Dans la matinée du 5 juillet, le vacarme de files de camions ébranlant

le pavillon attire l’attention des Mesmacque. « Ils étaient pleins

d’hommes qui brandissaient des armes et criaient des slogans. Affolée,

ma mère nous a interdit de sortir. Elle craignait des débordements. »

Christian a dix-huit ans. Il ne tient pas compte de ces conseils de

prudence. Il préfère une plage ensoleillée au malaise qui croît parmi les

siens. Dans une estafette Renault, bleue à toit blanc, immatriculée 201

FU 9G, il s’entasse avec ses copains Julien Bagout et André Chiappone,

ainsi que la sœur de Julien Bagout, Jeanne Ricard-Bagout et ses quatre

enfants, Alain, Christiane, Edith et Salvadore. En route pour le bord de

mer. Julien Bagou, à qui appartient le véhicule, s’est assis au volant. « Où

et à quelle heure se sont-ils heurtés à leurs ravisseurs ? »

Toute la soirée, Georgette attend le retour de son fils. « Elle répétait :

“Qu’est-ce qui se passe ? Qu’est-ce qui se passe ?” Elle pleurait. Je

tentais de la réconforter en lui disant qu’il avait certainement été invité

pour la soirée chez un copain. Je le pensais réellement. J’étais

inconsciente. Trop loin du centre d’Oran, nous ignorions la tragédie qui

s’y était déroulée. Les pillages, les assassinats, les viols, les

enlèvements… Nous n’avions pas entendu les coups de feu, ni les

hurlements. Nous n’avions pas vu les cadavres sur les trottoirs. Les jours

suivants, nous les découvrirons par les journaux. »
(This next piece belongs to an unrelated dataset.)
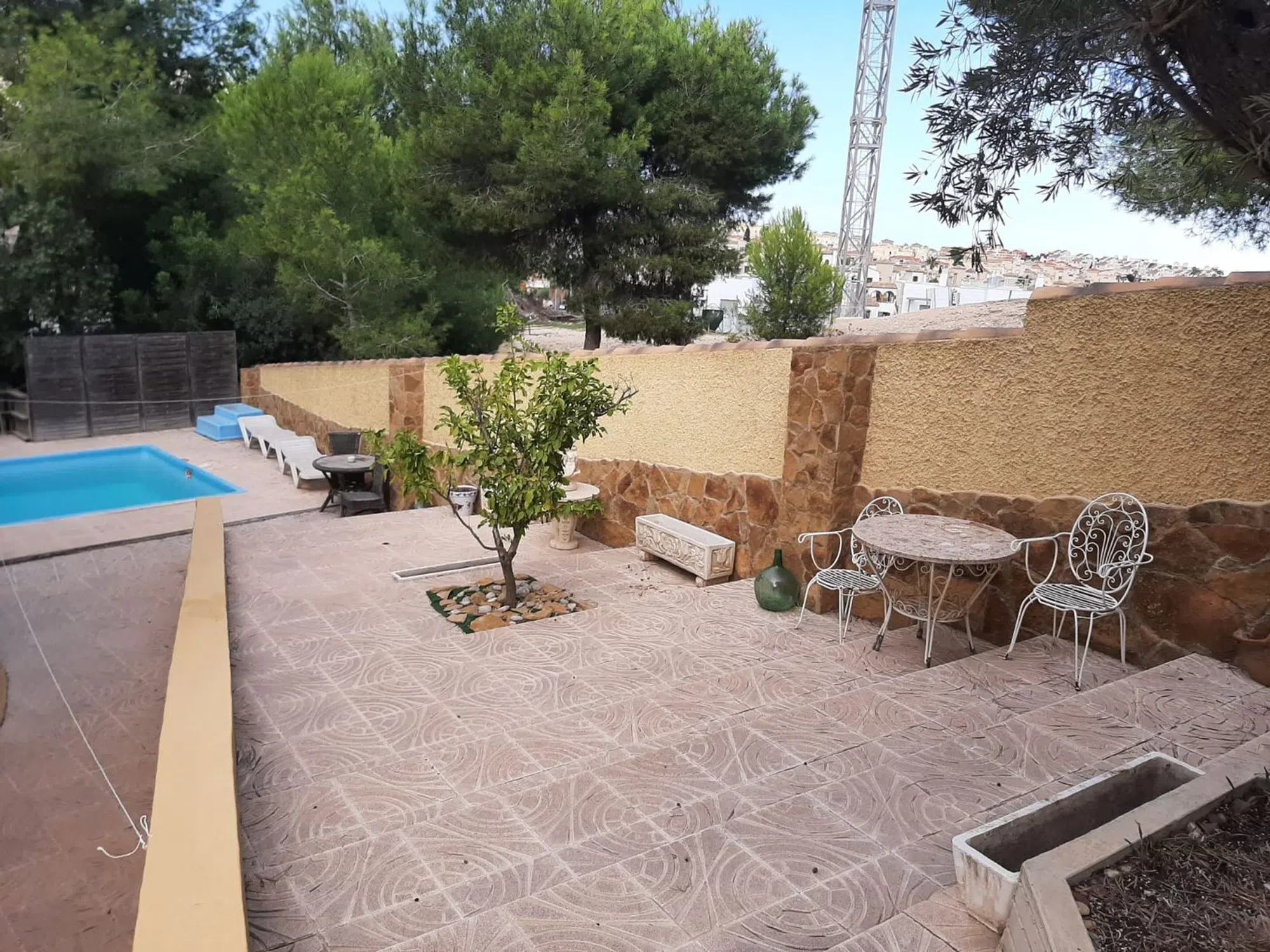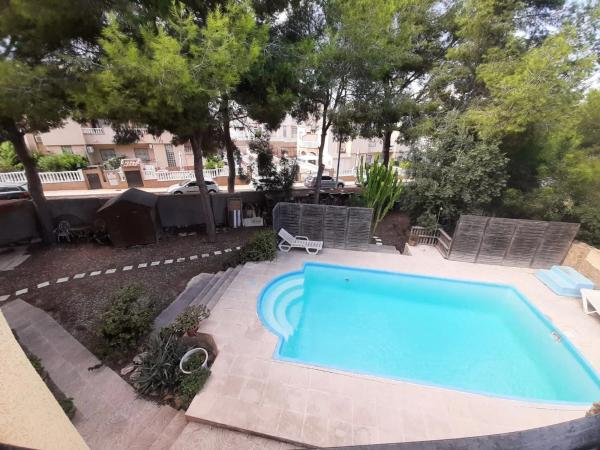 Chalet independiente con piscina privada en venta en Orihuela Costa – Alicante. Esta amplia villa independiente con piscina privada se encuentra en Las Filipinas, rodeada de varios campos de golf: Las Ramblas, Villamartín y Las Colinas Golf & Country Club están a menos de 10 minutos en coche. El centro comercial La Fuente y los grandes supermercados están a solo 1,5 km. La casa se distribuye en amplio salón comedor con cocina semiindependiente y 6 habitaciones, 3 en la planta baja: salón, 5 habitaciones, 2 baños (1 con bañera y otro con ducha). La planta baja es la sala de estar principal y se accede a ella a través de una amplia terraza. Consta de un recibidor, un espacioso salón con comedor y una cocina semiabierta. Desde aquí, se accede a la planta superior, con una acogedora y luminosa sala de relax (ideal para leer), un dormitorio doble y un baño. La calefacción se realiza mediante caldera de gasoil y 14 radiadores distribuidos por toda la casa. Parcela de 800 m² con pinos, espacio para varios vehículos, preciosa piscina privada y zona de barbacoa. Sótano de unos 90 m² aproximadamente (en caso de alquiler quedaría cerrado) EN VENTA: 450.000 € Para más información llame al.

Le lendemain, Georgette se précipite au commissariat. Les policiers

l’écoutent distraitement. D’autres démarches s’avèrent aussi

infructueuses. Elle obtient une audience auprès du général Katz, auquel

son inaction pendant les massacres du 5 juillet a valu le surnom de

« boucher d’Oran ». Sèchement, l’officier qui, le 4 août, a été décoré de

la Croix de la valeur militaire, notamment pour « avoir su rétablir et

préserver avec force et dignité l’autorité légale et l’ordre public », lui

aurait asséné : « Vous avez semé le vent, vous récoltez la tempête. »

Le 28 septembre, le consul général de France, Claude Chayet, signe

une attestation certifiant que le père de Christian, Benjamin Mesmacque,

a déclaré sous serment que son fils a disparu.